To configure the connector settings, select the Redshift Connection Name from the Crawler Information page and click on the Nine dots option and select the Settings options. The Connection Settings pop-up window is displayed.
Crawler Settings
The crawler setting will help to get the information of the data source based on the crawler setting provided. Crawler setting has various settings options, including Crawler options, Crawler Rules, Query Log Setting.
Crawler Settings |
Details |
---|---|
Tables, Views, and Columns |
Select the checkbox to crawl the tables, views, and columns existing in the Oracle Service Cloud database into the OvalEdge. Note: By default, the checkbox for Tables, Views, and Columns is selected. |
Procedure Functions & Relationship |
Select the checkbox to determine relationships between the tables for the selected schemas existing in the Amazon Redshift Connector database into the OvalEdge. |
Crawler Rules: Include Regex |
Enter the specific schema, table, views, and column names that start with, end with, or have middle characters that are included for crawling. |
Crawler Rules: Exclude Regex |
Enter the specific schema, table, views, and column names that start with, end with, or have middle characters that are excluded for crawling. |
Profiler Settings
Profiler Settings |
Details |
Tables and Columns |
Select the checkbox to profile the tables and columns that exist in the Oracle Service Cloud database in the OvalEdge. Note: By default, the checkbox for Tables and Columns is selected. |
Views and Columns |
Select the checkbox to profile the views and columns that exist in the Oracle Service Cloud database in the OvalEdge. Note: By default, the checkbox for Views and Columns is selected. |
Profile Rules: Include Regex |
Enter the specific table, view, and column names that start with, end with or have middle characters that are included for profiling. |
Profile Rules: Exclude Regex |
Enter the specific table, view, and column names that start with, end with or have middle characters that are excluded for profiling. |
To configure the Profile Setting,
Click on the Edit icon that allows the Admin user to configure the profiler setting for the selected data source. There are many attributes you can specify in the profile settings.

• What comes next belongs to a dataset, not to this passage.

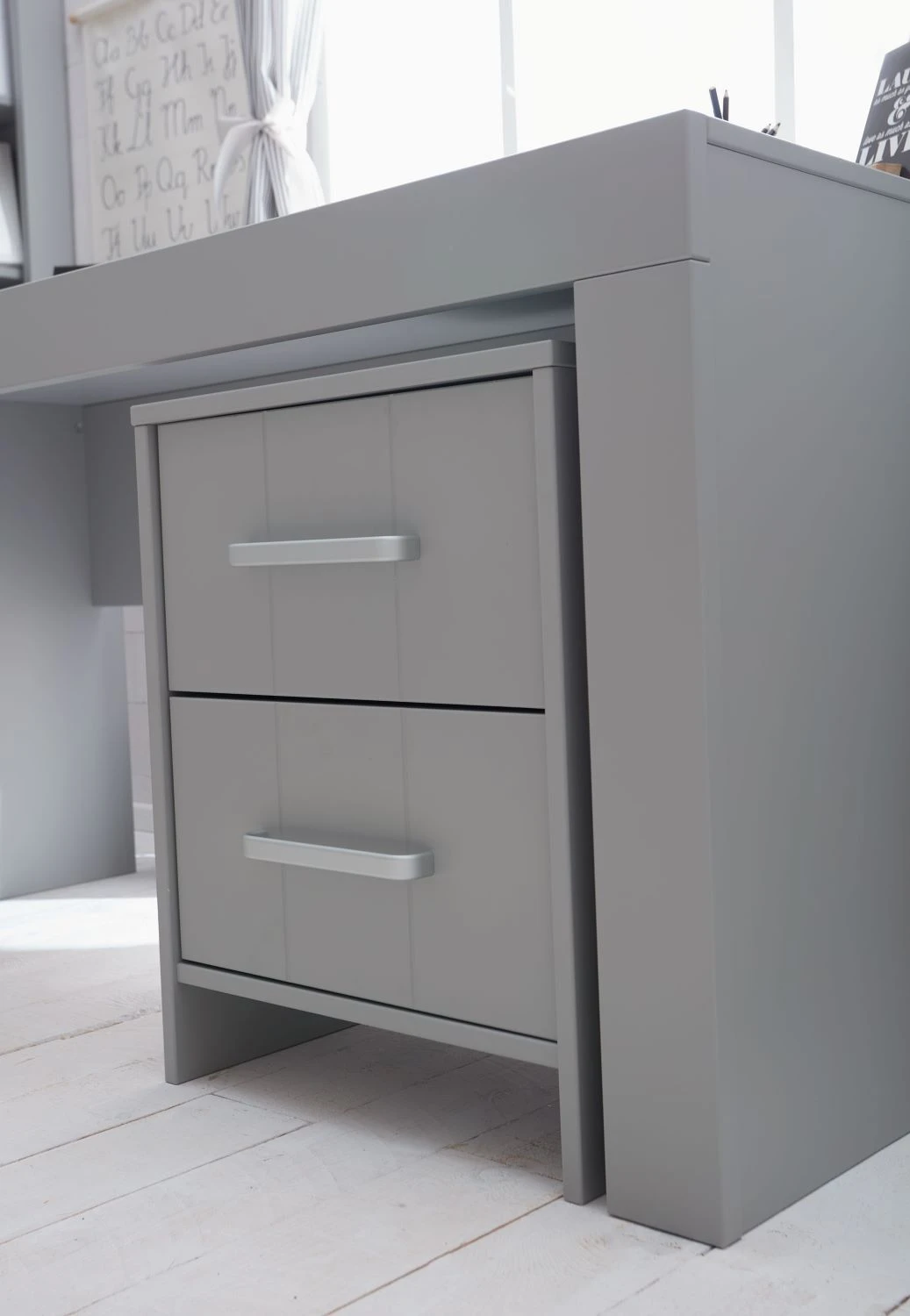 Kontener Calmo szary to praktyczny dodatek do biurka, który zwiększa wygodę i funkcjonalność w pokoju młodzieżowym. Dzięki dwóm pojemnym szufladom z systemem cichego zamykania pomaga utrzymać porządek i zorganizować przestrzeń do nauki. To element kolekcji mebli Calmo w kolorze szarym, idealnej do aranżacji nowoczesnego wnętrza nastolatka.

The attributes are as follows,
Columns |
Description |
Order |
The order number is the sequence in which the profiling is done. |
Day |
The day of the week on which profiling is set to run. |
Start/End Time |
The start and end time at which profiling is set to perform. |
Number of Threads |
Thread is a process where a query is executed on a database to do single or multiple tasks. The number of threads determines the number of parallel queries executed on the data source. |
Profile Type |
There are four main types of data profiling.
The profiling is performed based on a given Sample Profile Size. The data on columns ( statistics such as Min, Max, Distinct, and Null Count) will be different compared to full profiles as it is calculated only on sample size.
Note: A profile type set to “Auto” will always depend on the Rowcount limit when the row count constraint must be set as “True.”
|
Row Count Constraint |
The Row Count Constraint option is applicable only when the Profile Type is selected as Auto.
If the Row Constraint checkbox is selected (Set as True) and if the configured Rowcount Limit (1000) is greater than the total Table Row Count (100) then the query is executed without considering the count mentioned in the Rowcount Limit. |
Row Count Limit |
Enter the maximum number of rows that should be considered for profiling. |
Sample Profile Size |
Select this option for considering the total number of rows in profiling. |
Query Timeout |
Enter the number of seconds for the query to run on the remote database before it times out. |
Crawler/Profiler
Once the setting for profiling has been configured, go back to the Crawler screen and click “Crawl/Profile” to begin the profiling.
Remote Access
This Remote Access tab lists the data objects and the meta and data permissions on these objects that a user is assigned access to in a remote application.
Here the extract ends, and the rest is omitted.